Flexibility and openness to global commerce have been the cornerstones of Liechtenstein’s modern and widely diversified economy. Minimal barriers to trade and investment foster vibrant economic activity, and a straightforward, transparent, and streamlined regulatory system supports an innovative entrepreneurial sector. Banking has benefited from Liechtenstein’s high levels of political and social stability and its sound and transparent judicial system.
IMPACT OF COVID-19: As of December 1, 2020, 16 deaths had been attributed to the pandemic in Liechtenstein, and the International Monetary Fund had not forecast whether the economy would expand or contract for the year.
Liechtenstein celebrated its 300th anniversary in 2019. It is a member of the European Free Trade Association, the Schengen Area, and the European Economic Area. Prince Hans-Adam II is the principality’s head of state, but his son, Prince Alois, wields considerable power as regent and can dismiss the government and veto bills. Prime Minister Adrian Hasler’s center-right Progressive Citizens’ Party won a reduced share of the vote in 2017 parliamentary elections but still captured the most seats.
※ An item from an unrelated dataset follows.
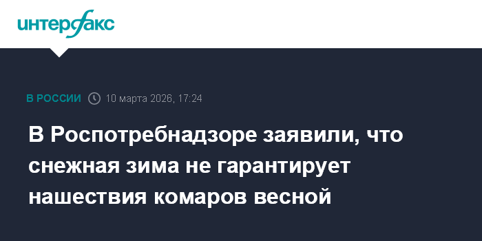Москва. 10 марта. INTERFAX.RU - Снежная и холодная зима не гарантирует "всплеска" комаров и клещей, а обитающие на территории России комары, как правило, не представляют высоких эпидемиологических рисков и не являются переносчиками опасных тропических лихорадок, заявили в Роспотребнадзоре.

Traditions of strict bank secrecy have helped financial institutions to attract funds as well as interest from block chain and cryptocurrency businesses. The government has signed an agreement with the European Union to allow automatic exchanges of financial account information. In 2018, Liechtenstein and Switzerland entered into a similar agreement to exchange tax information.
Property rights and contracts are secure. Despite the appointment of judges by the hereditary monarch, the constitutionally independent judiciary is impartial. Liechtenstein is largely free of corruption, and the government enforces anticorruption laws effectively. Although the country is a leading offshore tax haven and traditionally has maintained tight bank secrecy laws, the government has made efforts to increase transparency in banking.
Liechtenstein imposes low taxes. The national personal income tax rates comprise eight tax bands with a maximum rate of 8 percent. Other taxes include a state tax and a municipal tax that varies. The corporate tax rate is a flat 12.5 percent. The standard value-added tax rate is 7.7 percent. Although the fiscal system lacks transparency, government fiscal management has been relatively sound.
Liechtenstein’s business climate is largely identical to Switzerland’s because of Liechtenstein’s integration into the Swiss economy. The free-enterprise economy is affluent, and the financial services sector is thriving. About 54 percent of the workforce commutes from Austria, Germany, or Switzerland. Liechtenstein has a de facto monetary union with Switzerland but has no say in determining the Swiss National Bank’s monetary policies.
Minimal barriers to trade and investment foster vibrant economic activity. The combined value of exports and imports is equal to about 125 percent of Liechtenstein’s GDP. The average applied tariff rate is 2.0 percent, and nontariff barriers are relatively minimal. Foreign and domestic investors are generally treated equally. Banking benefits from the country’s high degree of political stability and its sound and transparent judicial system.